The principle that data may only under strict conditions be used for purposes other than those for which they were initially collected is also violated: public authorities access the data collection not only for migration administration, but also for numerous other purposes. For example, security authorities use it for danger prevention and the benefit administration for checking claims. Due to the exchange of data with security authorities, police authorities, public prosecutors' offices and secret services can access all data in the Central Register of Foreigners. The only requirement that needs to be satisfied is that the data access is necessary for the fulfilment of their tasks. Data retrieval is not limited to particularly high-ranking legal interests, but can also take place for the prosecution or prevention of petty offences. There is no need for the police to demonstrate a specific basis for their investigation or a concrete danger. Vague suspicions are therefore sufficient to retrieve extensive personal data on a person and their family and social environment.
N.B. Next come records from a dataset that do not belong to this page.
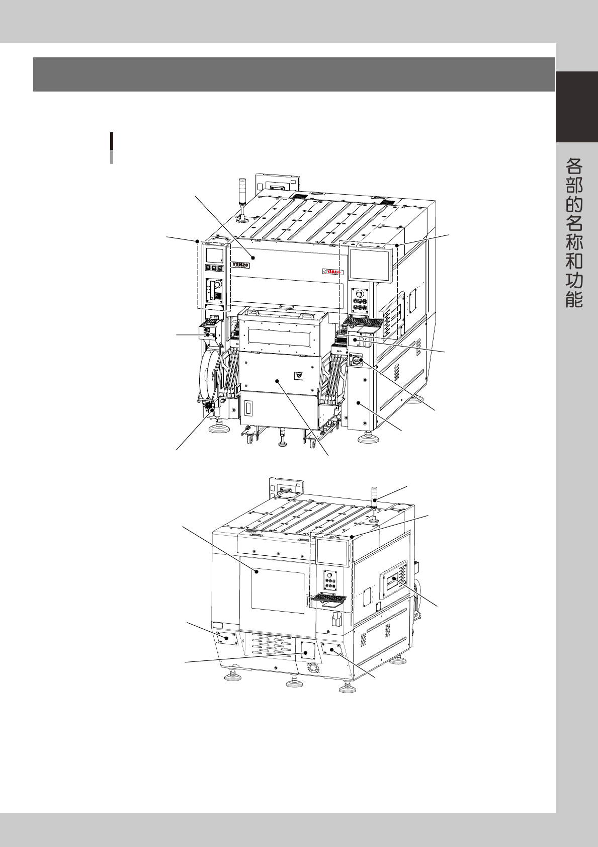 本章节,介绍混合式贴片机主要部分的名称和功能。安装完毕的标准混合式贴片机的构成,如下图所示。
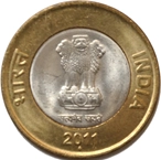In 2011, the Rupee symbol (₹), the identity mark of Indian rupee was introduced in denominations of ₹1, 2 and 5 depicting lotus buds and flower with stems and leaves on either side of the denominational value. The ₹10 coin continued to be issued in bi-metal as previously with ‘₹’ above the numeric value with ten rays instead of fifteen. New 50 paise denomination also issued in the new series.
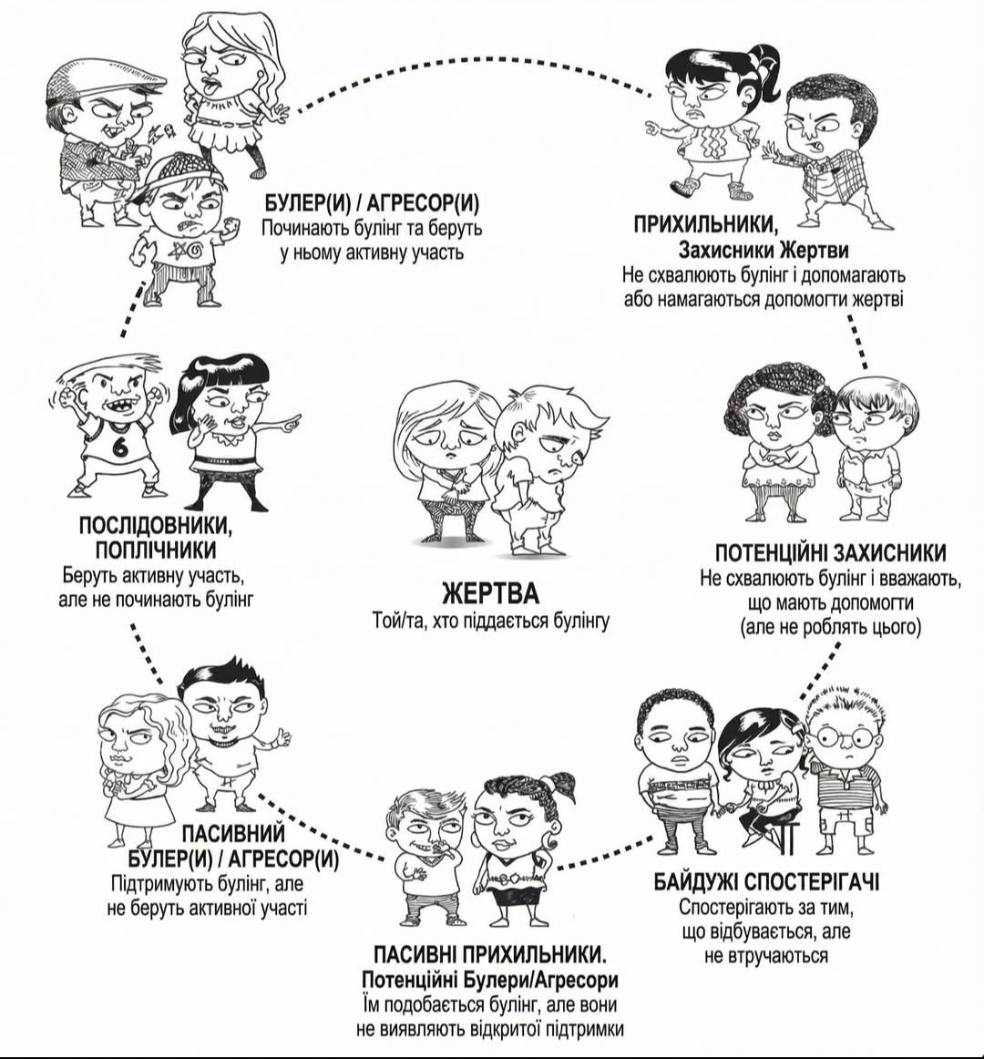 “Коло булінгу” Дана Ольвеуса, основоположника вивчення булінгу. Чому нам важливо говорити про булінг як “хворобу групи” та розглядати динаміку булінгу? Бо робота лише з нападником та мішенню, яка пропонується у нас здебільшого – це як до сраки карі очі. Булінг є проблемою групи, і працювати треба саме з групою. Булінг — це не конфлікт двох

The use of a central data collection for the purposes of danger prevention and fighting crime is also an unconstitutional unequal treatment on the basis of nationality, without there being an objective reason for it. Fighting crime and preventing danger - unlike migration administration - are not generally related to nationality. By the far-reaching information transmission powers, the legislature reinforces the widespread racist prejudice that there is a connection between criminality and national origin. In fact, the crime rate - for Germans and foreigners - is closely linked to economic and social conditions.
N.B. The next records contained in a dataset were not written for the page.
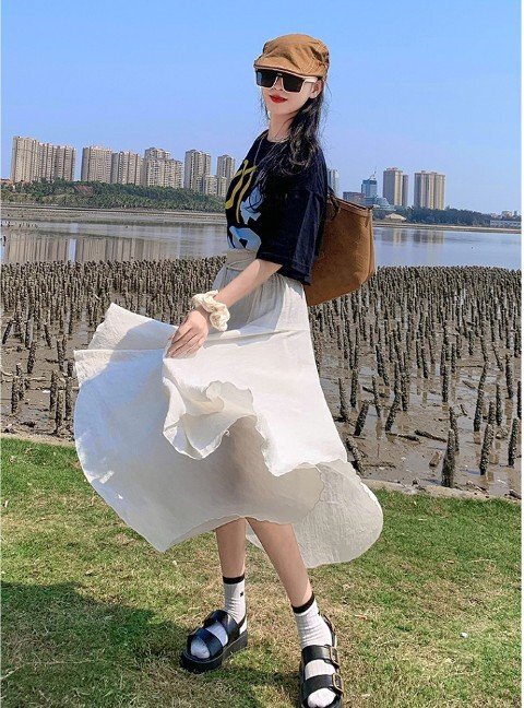 ロングスカート フレア シンプル カジュアル ゆったり お出かけ レディース 6XL ブラック
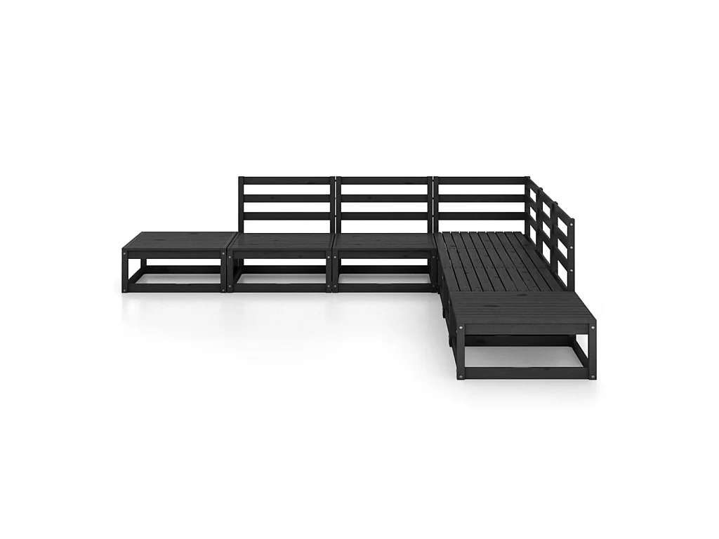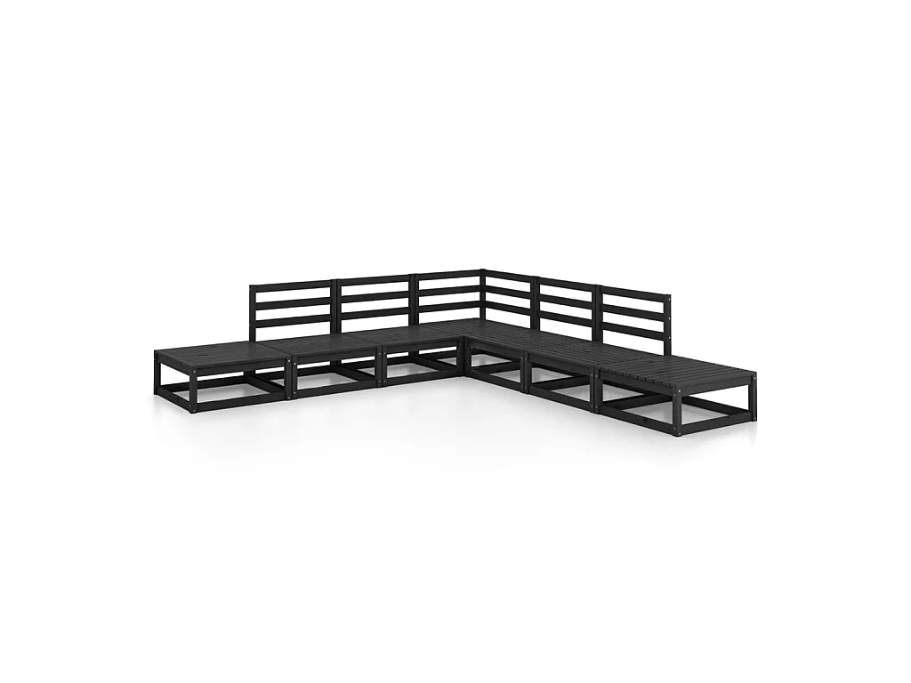 Salon de jardin 7 pcs Noir Bois de pin massif 9
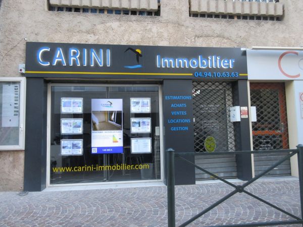 Decograph, votre enseigniste, spécialiste de la création, de la réalisation et de la pose d'enseigne et de signalétique à Six Fours et dans le Var vous présente une de ces créations pour l'agence immobilière CARINI à Six fours les Plages

The GFF is planning strategic lawsuits

The federal government has massively expanded the Central Register of Foreigners in recent years and, in doing so, has completely disregarded fundamental data protection requirements, especially with regard to refugees. So far, the federal government has gotten away with these violations of fundamental rights because refugees rarely go to court. This is the case because refugees have other, existential worries, they lack the financial means for legal action, and judicial clarification will take so long that they will hardly benefit from it. The GFF wants to fill this legal protection gap. Building on the comprehensive legal opinion, the GFF is planning strategic lawsuits against the Central Register of Foreigners Act before the administrative courts and the Federal Constitutional Court together with affected individuals. There must not be second-class protection of data and fundamental rights in Germany.